** Opening GIVEN ENTRIES block **
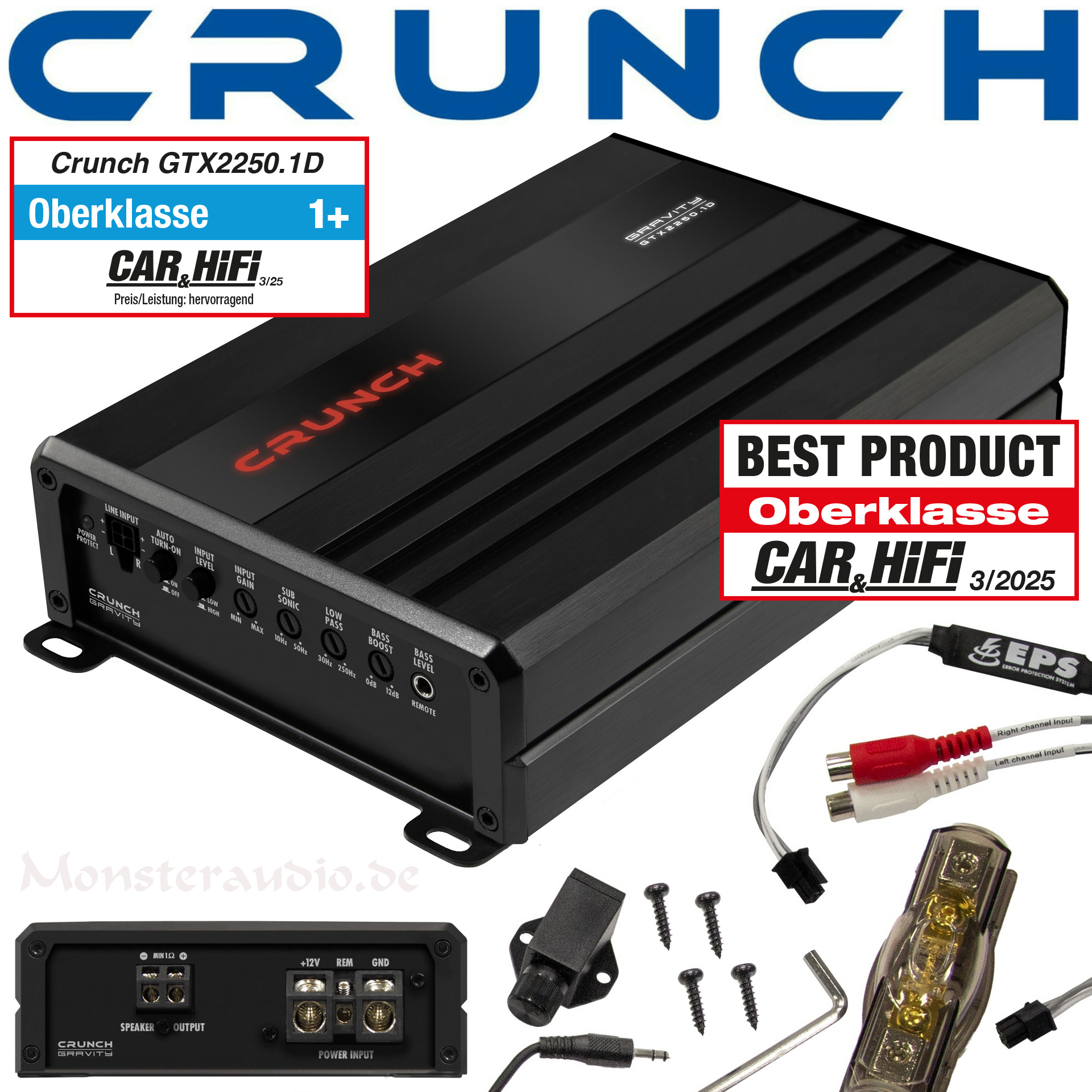 Mit einer äußerst kompakten Bauweise von nur 135 mm Breite und 48 mm Höhe geht die Crunch GRAVITY GTX-Serie mit gleich 10 Modellen an den Start. Doch die wahre Überraschung steckt in der Leistung: Aus den ultrakompakten Kühlkörpern holt Crunch massiv Power bis zu 1.500 Watt RMS!
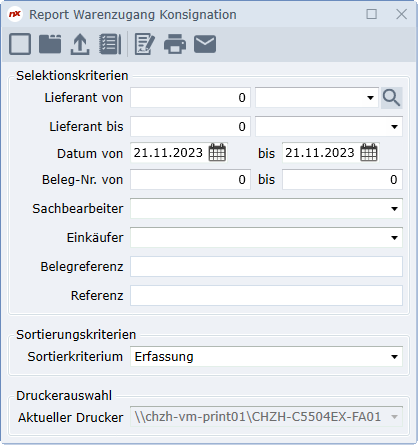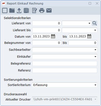 Sortierkriterium | Auswahl zwischen Erfassung, Datum und Beleg |
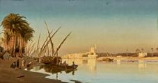 View of the Nile near Cairo. Signed and dated C. Neumann 1878. Oil on canvas. 90×168 cm.
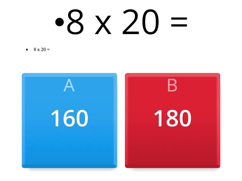 1) •8 x 20 = a) 160 b) 180 2) •3 x 70 = a) 210 b) 530 3) 8x80= a) 650 b) 640 4) 7x60= a) 420 b) 430 5) 6x90= a) 150 b) 960
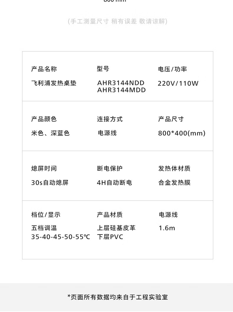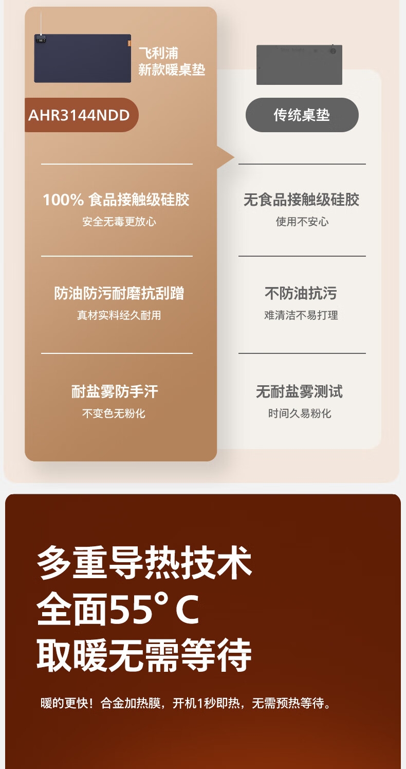 飞利浦 暖桌垫办公加热垫AHR3144NDD
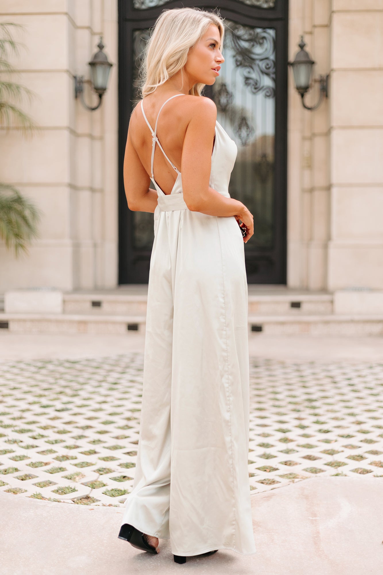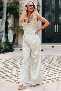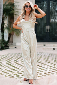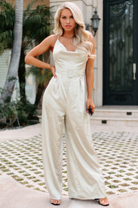 Dress To Impress With This Champagne, Satin, Cowl Neck, Cross-Strap, Belted, Wide Leg Jumpsuit!
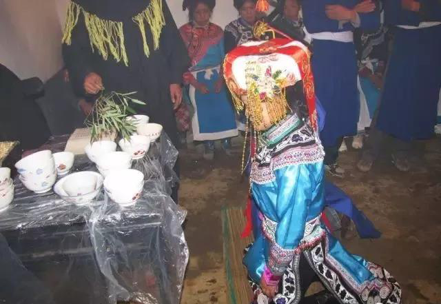 2、源自于民族歌舞文化习俗。彝族是个能歌善舞的民族,自古就有以歌作媒,用歌表达对异性的爱慕和追求的传统。相传,彝族先祖笃弥时,洪水淹没了世界,而笃弥按照天神策举祖的授意,躲进自造的木桶中幸免于难,成了世间的独人。天神为了不让人种在世间灭绝,于是就安排天上三仙女尼友咪比、娄友咪多、吞友武吐下凡到人间,在呗谷恳嘎这地方设歌场,与笃弥唱歌又跳舞,谈情又说爱。整个歌场上,热闹不一般:天上的仙女,成群来歌场;野人拿舞具,老虎打灯笼;人熊吹芦笙,欢聚在歌场。彝族的先祖,就是通过歌舞迎得了仙女的欢欣的而成就婚姻而繁衍了彝人的。从此,彝族青年谈情说爱、谈婚论嫁,都离不开歌舞。歌舞逐渐地融入了婚礼场中,与婚礼上的各种仪式进行对接和植入,通过上千年的发展,就形成了“阿买恳”。“阿买恳”中的“阿买”指未婚女子,“恳”有“歌舞”、“跳舞”之意。如“呗谷恳嘎”中的“恳嘎”就是歌舞场坝的意思;“恳合”(铃铛舞蹈)中的“恳”也有跳的意思;还有“恳咪”,指的是关于歌舞的诗文。可见,“恳”(歌舞)的内容是相当丰富的,因而彝族出嫁时有出嫁歌,这完全是在情理之中的。
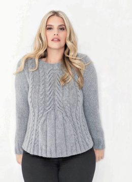Элегантный серый свитер выполнен из мягкой пряжи с выразительным узором из объемных кос, плавно переходящих в аккуратные плиссировки по низу. Длинные рукава и с...
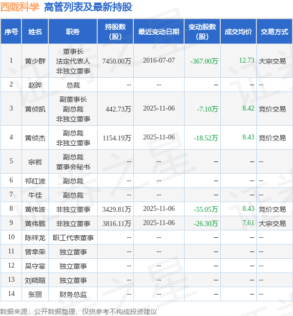 西陇科学近半年内的董监高及核心技术人员增减持详情如下:
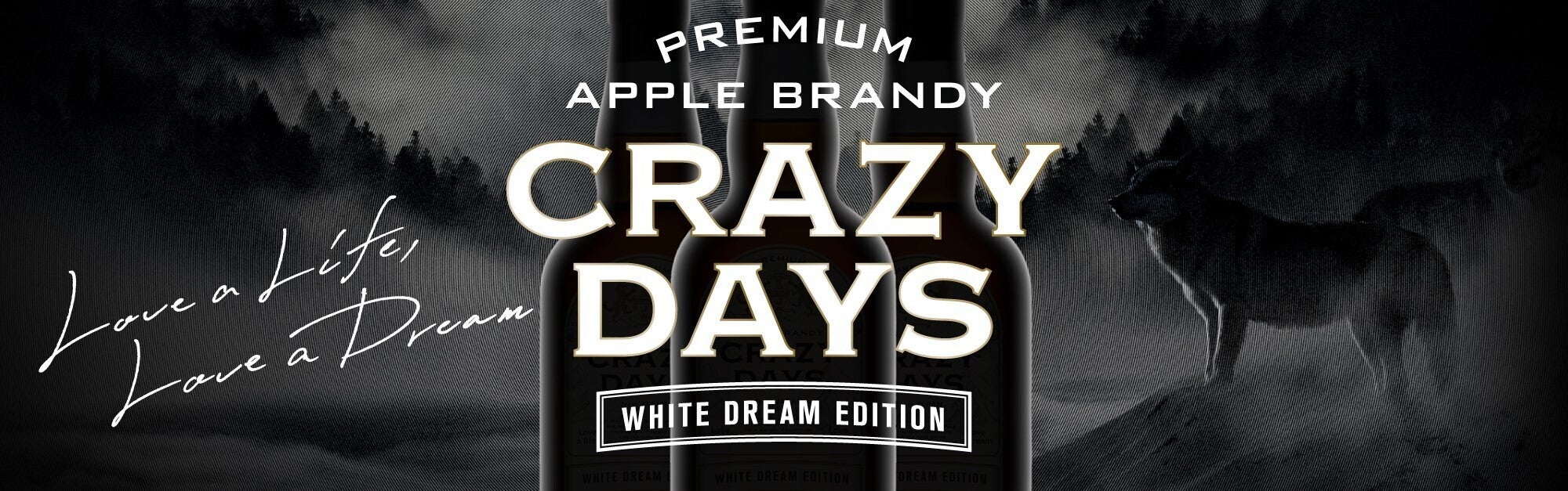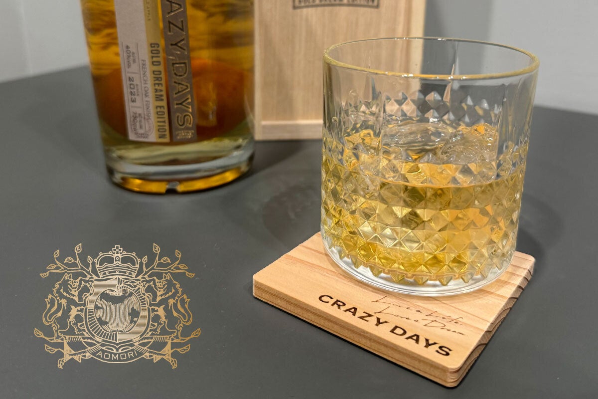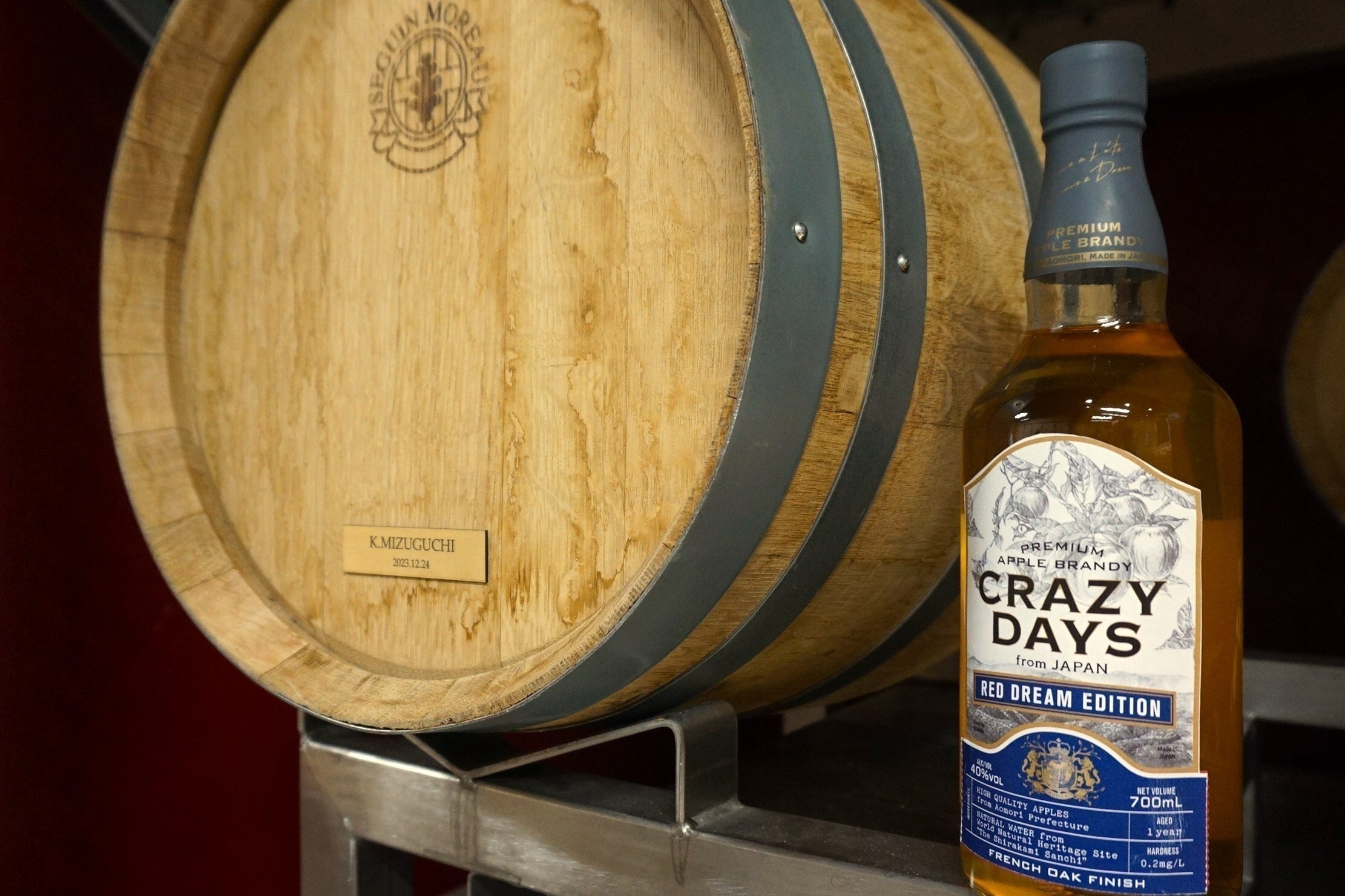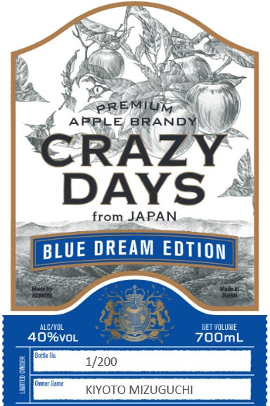 私たちは、アップルブランデーの名称を「CRAZY DAYS」(クレイジーデイズ)と名付けました。CRAZY DAYSとは「夢中な日々」という意味です。これは私たちが、これから世界を目指して夢中になって旅をすることを意味しており、そしてこのブランデーを飲まれる方も何かに夢中な人に飲んでいただきたい…。そんな思いを込めて名付けました。
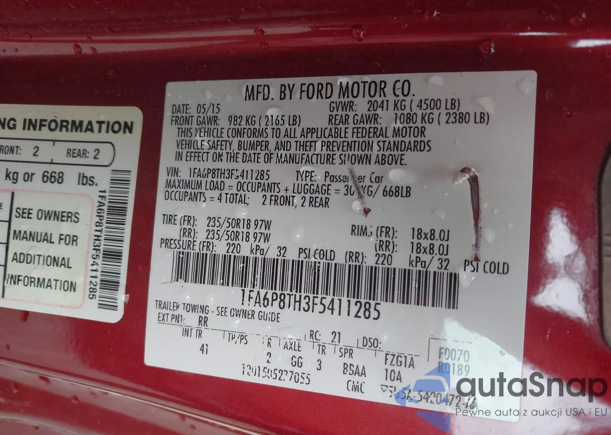 • VIN 1FA6P8TH3F5411285
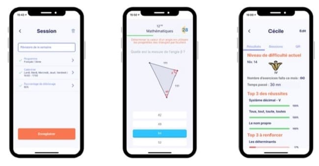 La réussite des exercices est la clé de déverrouillage de l’appareil. Une session peut prendre 10 à 20 minutes en fonction du niveau de difficulté, l’objectif étant de garder la motivation de l’enfant. Il s’exerce donc en continu tout en étant concentré au risque de ne pas réussir à déverrouiller ses applications récréatives. C’est ce qui fait l’efficacité de notre application.
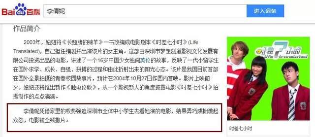 不过,姚安娜这种富二代混娱乐圈,并不是个例,也不是首例,最著名的要数前深圳某官员的千金李倩妮,凭借着家里的背景,硬是让陈冠希跟她拍了部电影——《时差7小时》
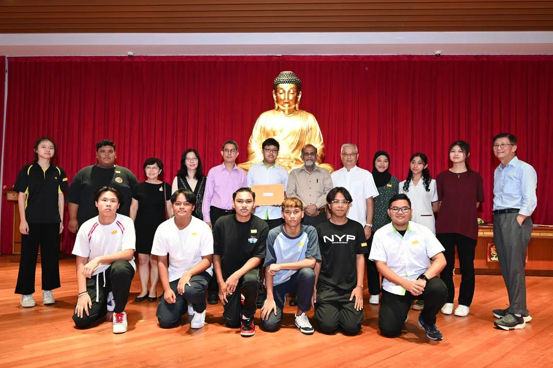 BANTU GENERASI MUDA: Yayasan Pendidikan Singapore Buddhist Lodge (SBLEF) telah menganugerahkan sebanyak $22 juta demi membantu pelajar dalam perjalanan pendidikan mereka. Dalam gambar ialah Pengerusi SBLEF, Cik Tan Kiat Gee (diri, empat dari kiri); tetamu terhormat, Menteri Negara (Ehwal Dalam Negeri merangkap Pembangunan Negara) Profesor Madya Dr Muhammad Faishal Ibrahim (diri, lima dari kiri); Pengarah Utama, Organisasi & Hubungan Antara Agama, Jamiyah Singapura, Encik S.M. Saleem (diri, enam dari kanan); dan Naib Presiden Pertama Persekutuan Tao, Encik Ling Kin Huat (diri, lima dari kanan). - Foto SBLEF
** Closing GIVEN ENTRIES block **
TASK GOAL:
Only the text of the listing above is wanted, transcribed exactly, without its images.

WRITTEN RESPONSE:
 Mit einer äußerst kompakten Bauweise von nur 135 mm Breite und 48 mm Höhe geht die Crunch GRAVITY GTX-Serie mit gleich 10 Modellen an den Start. Doch die wahre Überraschung steckt in der Leistung: Aus den ultrakompakten Kühlkörpern holt Crunch massiv Power bis zu 1.500 Watt RMS!
 Sortierkriterium | Auswahl zwischen Erfassung, Datum und Beleg |
 View of the Nile near Cairo. Signed and dated C. Neumann 1878. Oil on canvas. 90×168 cm.
 1) •8 x 20 = a) 160 b) 180 2) •3 x 70 = a) 210 b) 530 3) 8x80= a) 650 b) 640 4) 7x60= a) 420 b) 430 5) 6x90= a) 150 b) 960
 飞利浦 暖桌垫办公加热垫AHR3144NDD
 Dress To Impress With This Champagne, Satin, Cowl Neck, Cross-Strap, Belted, Wide Leg Jumpsuit!
 2、源自于民族歌舞文化习俗。彝族是个能歌善舞的民族,自古就有以歌作媒,用歌表达对异性的爱慕和追求的传统。相传,彝族先祖笃弥时,洪水淹没了世界,而笃弥按照天神策举祖的授意,躲进自造的木桶中幸免于难,成了世间的独人。天神为了不让人种在世间灭绝,于是就安排天上三仙女尼友咪比、娄友咪多、吞友武吐下凡到人间,在呗谷恳嘎这地方设歌场,与笃弥唱歌又跳舞,谈情又说爱。整个歌场上,热闹不一般:天上的仙女,成群来歌场;野人拿舞具,老虎打灯笼;人熊吹芦笙,欢聚在歌场。彝族的先祖,就是通过歌舞迎得了仙女的欢欣的而成就婚姻而繁衍了彝人的。从此,彝族青年谈情说爱、谈婚论嫁,都离不开歌舞。歌舞逐渐地融入了婚礼场中,与婚礼上的各种仪式进行对接和植入,通过上千年的发展,就形成了“阿买恳”。“阿买恳”中的“阿买”指未婚女子,“恳”有“歌舞”、“跳舞”之意。如“呗谷恳嘎”中的“恳嘎”就是歌舞场坝的意思;“恳合”(铃铛舞蹈)中的“恳”也有跳的意思;还有“恳咪”,指的是关于歌舞的诗文。可见,“恳”(歌舞)的内容是相当丰富的,因而彝族出嫁时有出嫁歌,这完全是在情理之中的。
Элегантный серый свитер выполнен из мягкой пряжи с выразительным узором из объемных кос, плавно переходящих в аккуратные плиссировки по низу. Длинные рукава и с...
 西陇科学近半年内的董监高及核心技术人员增减持详情如下:
 私たちは、アップルブランデーの名称を「CRAZY DAYS」(クレイジーデイズ)と名付けました。CRAZY DAYSとは「夢中な日々」という意味です。これは私たちが、これから世界を目指して夢中になって旅をすることを意味しており、そしてこのブランデーを飲まれる方も何かに夢中な人に飲んでいただきたい…。そんな思いを込めて名付けました。
 • VIN 1FA6P8TH3F5411285
 La réussite des exercices est la clé de déverrouillage de l’appareil. Une session peut prendre 10 à 20 minutes en fonction du niveau de difficulté, l’objectif étant de garder la motivation de l’enfant. Il s’exerce donc en continu tout en étant concentré au risque de ne pas réussir à déverrouiller ses applications récréatives. C’est ce qui fait l’efficacité de notre application.
 不过,姚安娜这种富二代混娱乐圈,并不是个例,也不是首例,最著名的要数前深圳某官员的千金李倩妮,凭借着家里的背景,硬是让陈冠希跟她拍了部电影——《时差7小时》
 BANTU GENERASI MUDA: Yayasan Pendidikan Singapore Buddhist Lodge (SBLEF) telah menganugerahkan sebanyak $22 juta demi membantu pelajar dalam perjalanan pendidikan mereka. Dalam gambar ialah Pengerusi SBLEF, Cik Tan Kiat Gee (diri, empat dari kiri); tetamu terhormat, Menteri Negara (Ehwal Dalam Negeri merangkap Pembangunan Negara) Profesor Madya Dr Muhammad Faishal Ibrahim (diri, lima dari kiri); Pengarah Utama, Organisasi & Hubungan Antara Agama, Jamiyah Singapura, Encik S.M. Saleem (diri, enam dari kanan); dan Naib Presiden Pertama Persekutuan Tao, Encik Ling Kin Huat (diri, lima dari kanan). - Foto SBLEF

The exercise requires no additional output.